Abstract

Abstract— Environmental conditions on Mars are conducive to the modification and erosion of impact craters, potentially revealing the nature of their substructure. On Earth, postimpact erosion of complex craters in a wide range of target rocks has revealed the nature and distribution of craterrelated fault structures and a complex array of breccia and pseudotachylyte dikes, which range up to tens of meters in width and tens of kilometers in length. We review the characteristics of fault structures, breccia dikes, and pseudotachylyte dikes on Earth, showing that they occur in complex network‐like patterns and are often offset along late‐stage crater‐related faults. Individual faults and dikes can undulate in width and can branch and bifurcate along strike. Detailed geological analyses of terrestrial craters show that faults and breccia dikes form during each of the major stages of the impact‐cratering process (compression, excavation, and modification). We report here on the discovery of prominent, lattice‐like ridge networks occurring on the floor of a highly modified impact crater 75 km in diameter near the dichotomy boundary of the northern lowland and southern upland. Interior fill and crater‐floor units have been exhumed by fluvial and eolian processes to reveal a unit below the crater floor containing a distinctive set of linear ridges of broadly similar width and forming a lattice‐like pattern. Ridge exposures range from ˜1–4 km in length and ˜65–120 m in width, are broadly parallel, straight to slightly curving, and are cross‐cut by near‐orthogonal ridges, forming a box or lattice‐like pattern.
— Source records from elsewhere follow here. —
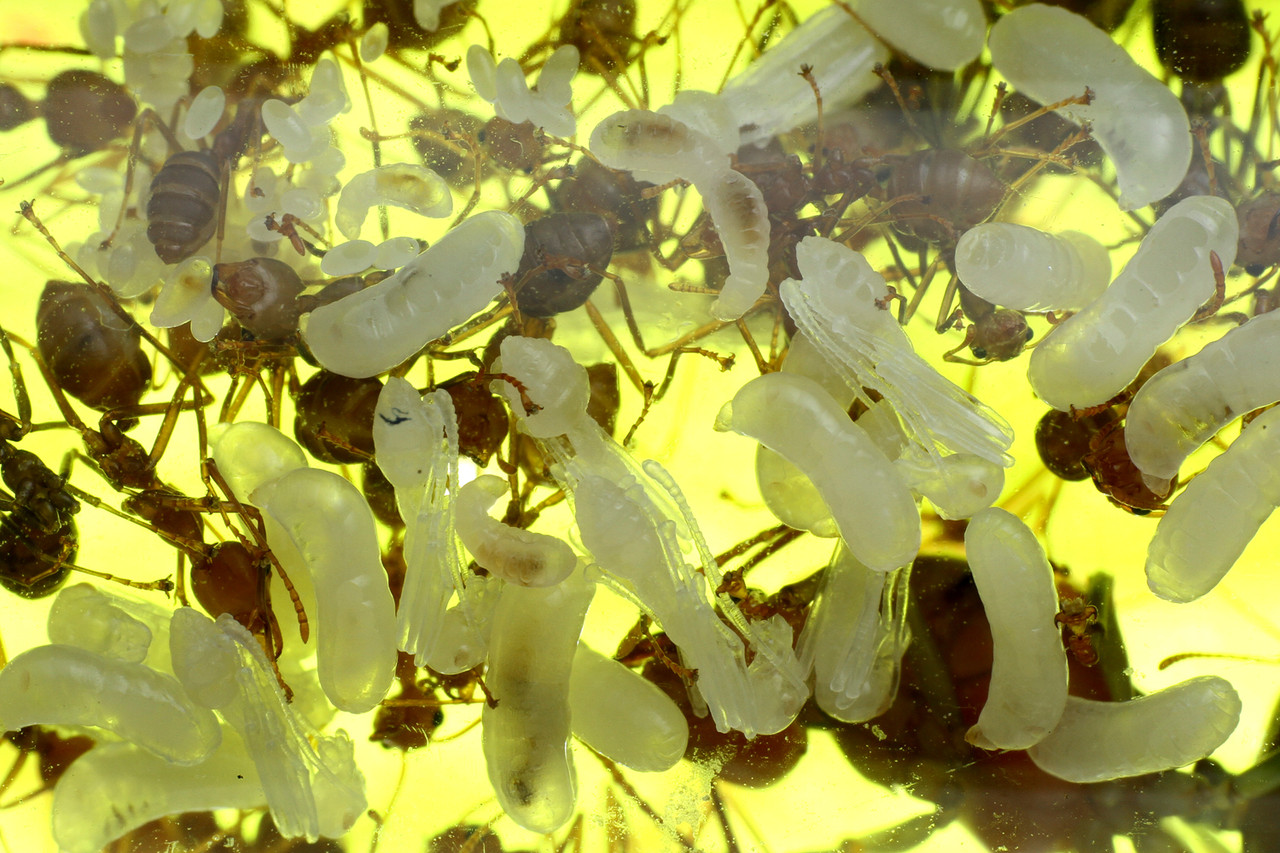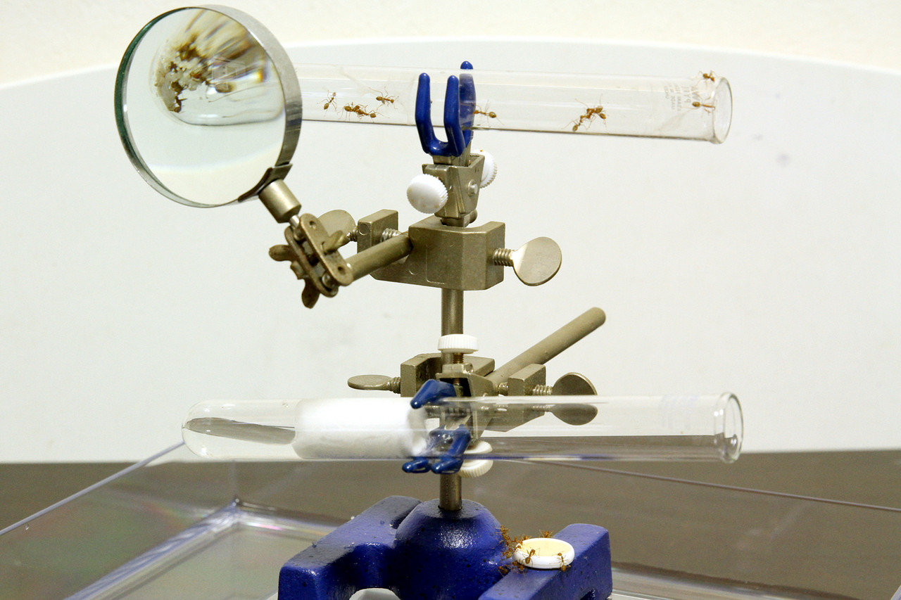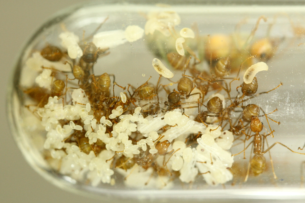 樹上性のツムギアリは蒸れに弱いため、密閉性の高い石膏巣での飼育は不向きで、試験管を使って飼育するのが最適です。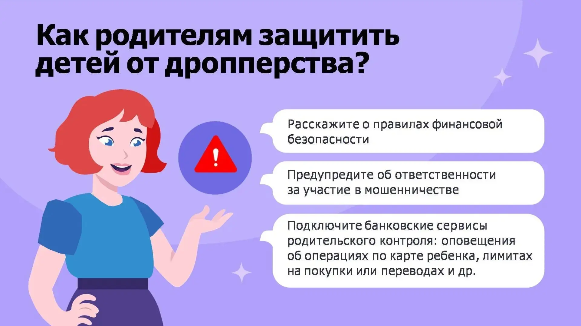 Дорогие родители и ученики! В последнее время распространены случаи мошенничества, известного как «дропперство». Это явление представляет собой использование обманным путем ресурсов, данных или средств других людей для достижения личной выгоды. Важно быть бдительными и понимать, как избежать таких ситуаций.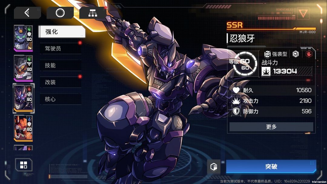 总评:作为本次测试唯一一台有着专属池子的机体,忍狼牙的表现,可以说是完全匹配得上它的身价,格斗机在本次测试中的表现本身就优于射击机,而忍狼牙的技能组配置,又与布兰卡这类机师的精神技相当适配,虽说基础技能的攻击范围在格斗机中并不优秀,但作为输出,忍狼牙的火力对比其他机体,有着压倒性的优势,高攻击段数能更快地积攒精神技和必杀槽,精神技期间,可以与分身一同,不依靠他人达成合击增伤,必杀更是在有着高倍率的同时,还有着成长机制,可以说,是本次测试中,最强的金机体

Ridges are exposed on the exhumed crater floor, extending from the base of the wall toward the center. On the basis of the strong similarities of these features to terrestrial crater‐related fault structures and breccia dikes, we interpret these ridges to be faults and breccia dikes formed below the floor of the crater during the excavation and modification stages of the impact event, and subsequently exhumed by erosion. The recognition of such features on Mars will help in documenting the nature of impact‐cratering processes and aid in assessment of crustal structure. Faults and breccia dikes can also be used as data for the assessment of post‐cratering depths and degrees of landform exhumation.